Megan Kennedy
- Date of birth: 3 July 1997 (age 27)
- Place of birth: Stirling, Scotland
- Height: 1.7 m (5 ft 7 in)
- Weight: 87 kg (192 lb; 13 st 10 lb)

Rugby union career
- Position(s): Tighthead prop

Senior career
- Years: Team / Apps / (Points)
- 2011-present: Stirling County /  / ()

International career
- Years: Team / Apps / (Points)
- 2018–present: Scotland / 18 / (0)

= Megan Kennedy =

Megan Kennedy (born 3 July 1996) is a Scottish rugby player from Stirling who played in the 2021 Women's Six Nations Championship. She has played international rugby for Scotland since 2018. She is the Sponsorship Co-Ordinator at Glasgow Warriors.

== Club career ==
Kennedy plays for Stirling County Ladies. She began playing for their junior teams when she was 14 years old with the U15 side. Aged 16, she played for the U18 team and was supported by Scottish Rugby Pathway programme.

== International career ==
Kennedy is a Scottish Rugby contracted 2021 player.

She joined the XVs Scotland squad for the 2018 Women's Six Nations Championship, in the match where Scotland lost by one point to Wales. The invitation to play for the national team followed two years of recuperation as the result of a knee injury.

Prior to this, she played in an uncapped international match versus Spain in November 2017. She was part of the squad that played Canada in 2018, at the time the fourth best team in the world, in which Scotland was narrowly defeated 25–28, in a match that was seen as a step change in the team's progress.

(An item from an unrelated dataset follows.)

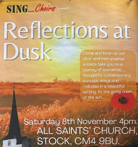 On the afternoon before Remembrance Sunday, join us at All Saints’ Church in Stock for “Reflections at Dusk”. This concert, at 4pm on Saturday 8th November, will be performed by the local SING choir and instrumental soloists. Advance tickets will be £7 (£4 for under-16s). You may have heard the choir at our recent Flower Festival. Now join them for a journey of evocative, thoughtful songs and melodies.

In 2019, she was one of the Scottish team selected for a tour of South Africa - their first ever matches in the Southern hemisphere - in which they beat the South African national Springbok Women squad 5-47. In the match, Kennedy started on the bench and was brought in after 53 minutes.

She was also part of the 2020 Women's Six Nations Championship, in which multiple fixtures were disrupted due to COVID-19.

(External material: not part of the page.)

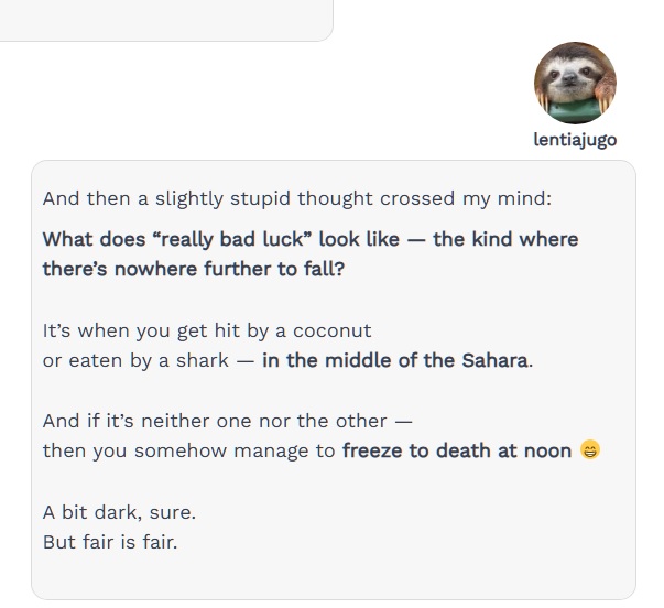 Це такий собі сюрреалістичний підручник з медіаграмотності та здорового пофігізму, загорнутий у форму ранкового флуду. Дуже влучна знахідка!
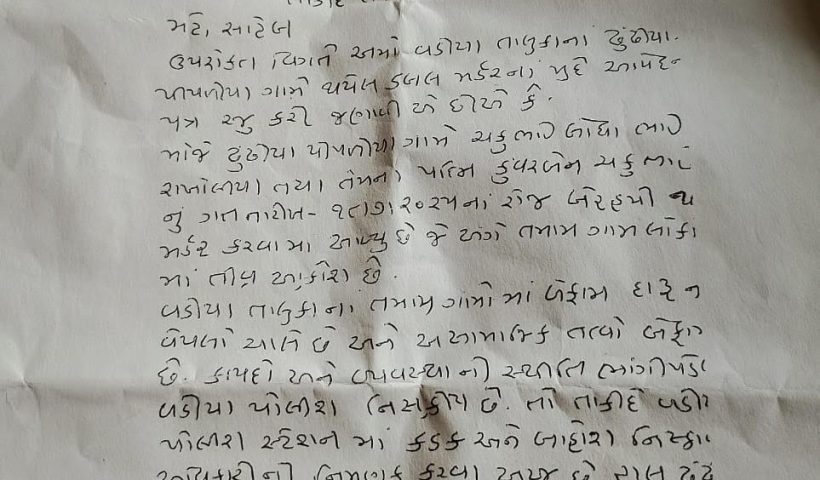 View More વડિયાના ડબલ મર્ડર કેસના સંદર્ભે અપાયેલ આવેદનપત્રમાં દારૂબંધી ફક્ત નામની હોવાની રજૂઆતવડિયાના ઢુંઢિયા પીપળિયા ગામે લૂંટના ઈરાદે વૃદ્ધ દંપતિની હત્યા

Kennedy was among the Scottish team for the 2021 Women's Six Nations Championship and started in the first match against England. After sustaining a shoulder injury during the match, she missed the next two matches but was back for team's match against Italy. Coach Bryan Easson commented on his decision to bring her into the Italy game for a 17th cap, “Megan has performed really well in the games she’s played previously... around the field she is good in defence and at lineout/maul time. Having that experience at three makes a big difference. She’s a very good scrummager." She replaced Christine Beleisle as tight-head in the game.

In the team's final match against Wales she was one of the players who scored before the break, giving the team a 17–6 lead, which ultimately led to a 27–20 victory, securing Scotland's fifth position in the championship.

== Personal life ==
Kennedy first played rugby aged 14. She attended Alva Academy, before going to Stirling University to study Sports Journalism (Honours degree), followed by a Sports Psychology master's degree.

Her mother Fiona previously played hockey and volleyball at a national level and her father Gregor is a former County player, while brother Reyner continues to play for Stirling County.

==Business career==

She is now the Sponsorship Co-Ordinator at Glasgow Warriors.